» PROBLEM
Scan the records below for the line with "作者提出了两套模型:RSDN" and the line with "Handpicked Valokuva beigenvärisestä", and retype that range exactly, both ends included, pictures excepted.

» DATASET RECORDS
○ ○ ○ ○ ○

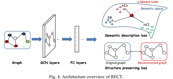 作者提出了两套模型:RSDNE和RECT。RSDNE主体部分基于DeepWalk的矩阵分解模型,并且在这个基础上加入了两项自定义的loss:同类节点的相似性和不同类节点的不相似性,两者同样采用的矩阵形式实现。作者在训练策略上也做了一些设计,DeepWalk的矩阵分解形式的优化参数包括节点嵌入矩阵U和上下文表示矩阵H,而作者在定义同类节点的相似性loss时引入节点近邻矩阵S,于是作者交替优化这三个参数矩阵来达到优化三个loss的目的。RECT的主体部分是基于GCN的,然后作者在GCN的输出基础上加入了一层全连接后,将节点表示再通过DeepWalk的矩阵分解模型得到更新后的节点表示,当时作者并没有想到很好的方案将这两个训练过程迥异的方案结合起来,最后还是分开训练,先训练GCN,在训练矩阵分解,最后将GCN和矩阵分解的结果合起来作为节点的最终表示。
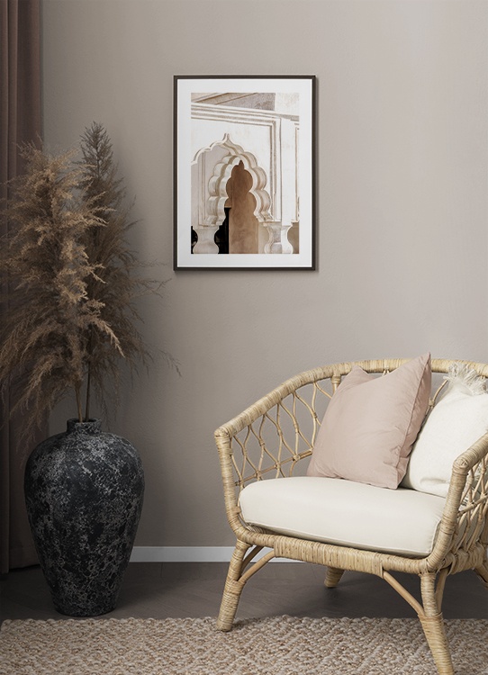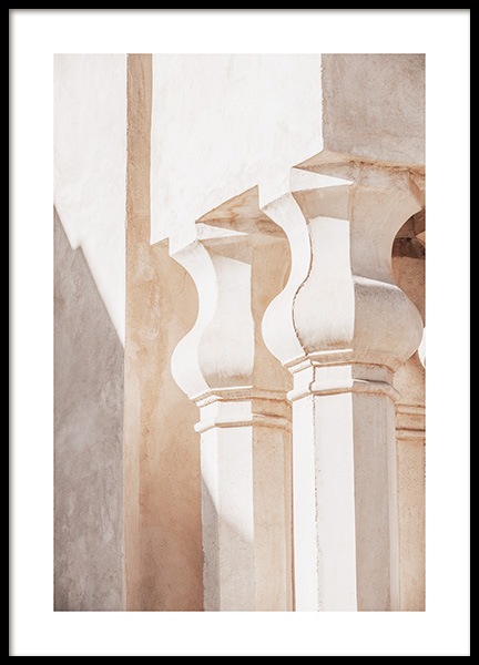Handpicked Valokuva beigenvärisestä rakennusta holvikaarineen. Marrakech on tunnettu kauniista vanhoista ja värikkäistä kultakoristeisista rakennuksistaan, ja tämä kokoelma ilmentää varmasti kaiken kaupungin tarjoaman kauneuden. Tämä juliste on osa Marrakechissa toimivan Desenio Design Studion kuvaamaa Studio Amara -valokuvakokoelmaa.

○ ○ ○ ○ ○

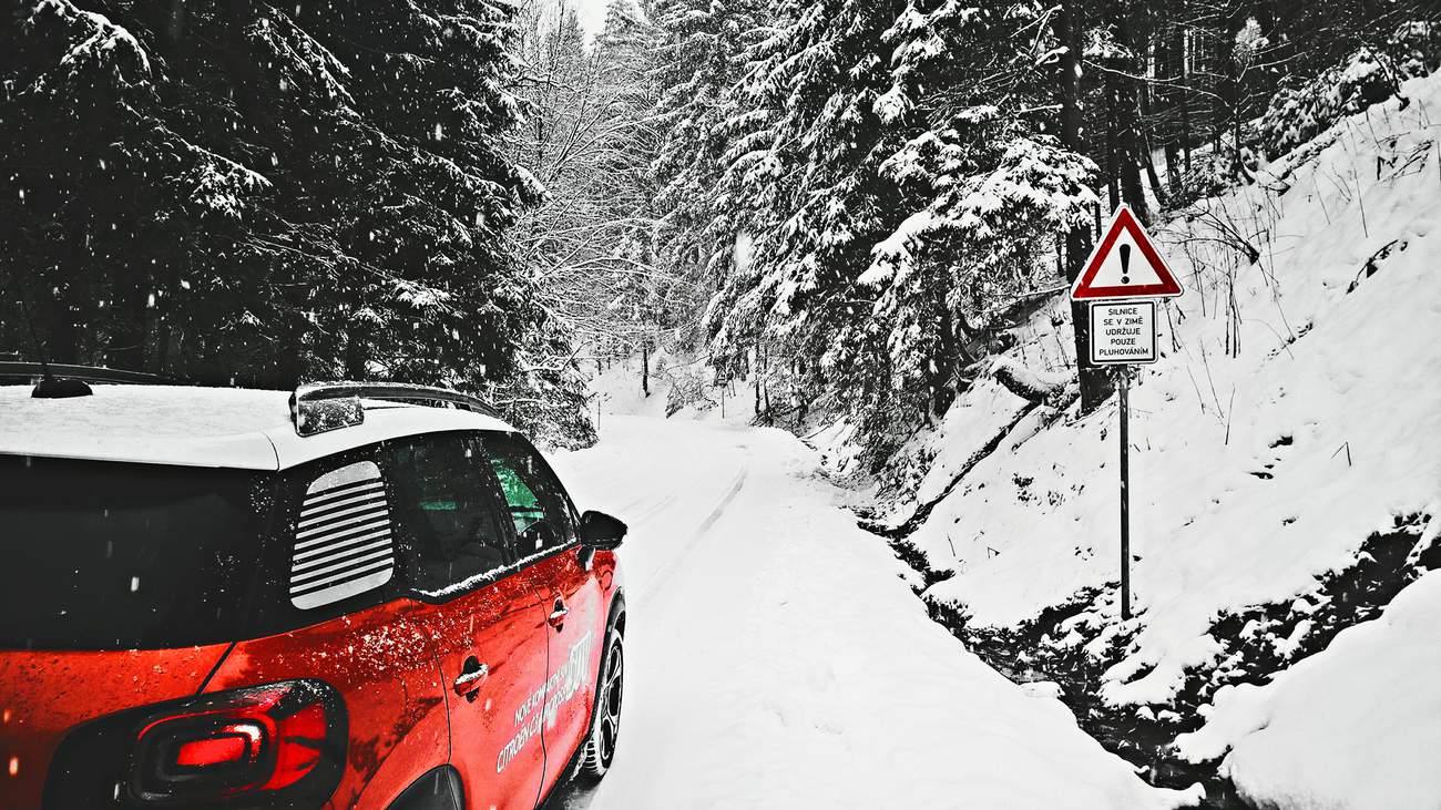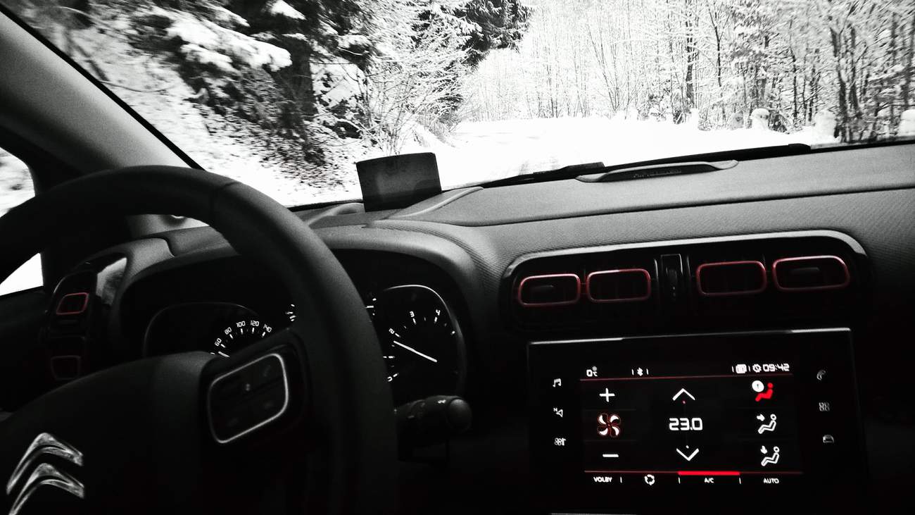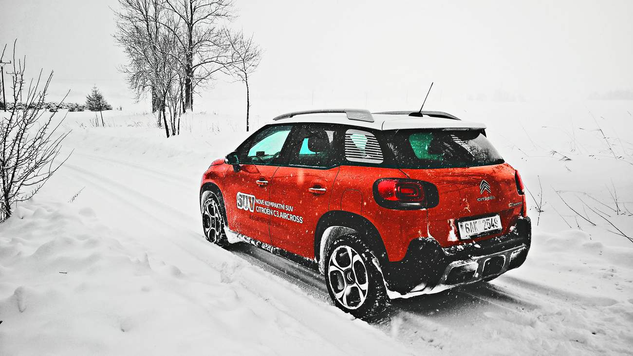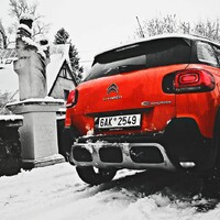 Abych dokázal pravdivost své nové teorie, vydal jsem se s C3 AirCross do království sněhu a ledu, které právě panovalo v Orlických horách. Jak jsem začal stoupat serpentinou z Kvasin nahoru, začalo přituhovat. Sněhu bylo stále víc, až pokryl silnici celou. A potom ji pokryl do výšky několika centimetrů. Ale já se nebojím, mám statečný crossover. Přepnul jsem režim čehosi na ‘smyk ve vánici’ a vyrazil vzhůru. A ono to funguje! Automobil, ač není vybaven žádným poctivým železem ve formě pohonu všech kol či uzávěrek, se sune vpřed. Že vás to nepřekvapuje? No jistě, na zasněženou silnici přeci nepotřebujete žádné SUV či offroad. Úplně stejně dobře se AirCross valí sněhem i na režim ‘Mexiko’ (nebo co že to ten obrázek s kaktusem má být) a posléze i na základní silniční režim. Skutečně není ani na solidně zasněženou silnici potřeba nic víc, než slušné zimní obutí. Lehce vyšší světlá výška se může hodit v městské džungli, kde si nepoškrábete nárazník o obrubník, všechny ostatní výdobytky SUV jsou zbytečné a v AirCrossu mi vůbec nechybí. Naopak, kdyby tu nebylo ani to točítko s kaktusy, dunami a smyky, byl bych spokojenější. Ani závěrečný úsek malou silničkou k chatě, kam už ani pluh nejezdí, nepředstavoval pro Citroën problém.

○ ○ ○ ○ ○

» TASK ANSWER
 作者提出了两套模型:RSDNE和RECT。RSDNE主体部分基于DeepWalk的矩阵分解模型,并且在这个基础上加入了两项自定义的loss:同类节点的相似性和不同类节点的不相似性,两者同样采用的矩阵形式实现。作者在训练策略上也做了一些设计,DeepWalk的矩阵分解形式的优化参数包括节点嵌入矩阵U和上下文表示矩阵H,而作者在定义同类节点的相似性loss时引入节点近邻矩阵S,于是作者交替优化这三个参数矩阵来达到优化三个loss的目的。RECT的主体部分是基于GCN的,然后作者在GCN的输出基础上加入了一层全连接后,将节点表示再通过DeepWalk的矩阵分解模型得到更新后的节点表示,当时作者并没有想到很好的方案将这两个训练过程迥异的方案结合起来,最后还是分开训练,先训练GCN,在训练矩阵分解,最后将GCN和矩阵分解的结果合起来作为节点的最终表示。
Handpicked Valokuva beigenvärisestä rakennusta holvikaarineen. Marrakech on tunnettu kauniista vanhoista ja värikkäistä kultakoristeisista rakennuksistaan, ja tämä kokoelma ilmentää varmasti kaiken kaupungin tarjoaman kauneuden. Tämä juliste on osa Marrakechissa toimivan Desenio Design Studion kuvaamaa Studio Amara -valokuvakokoelmaa.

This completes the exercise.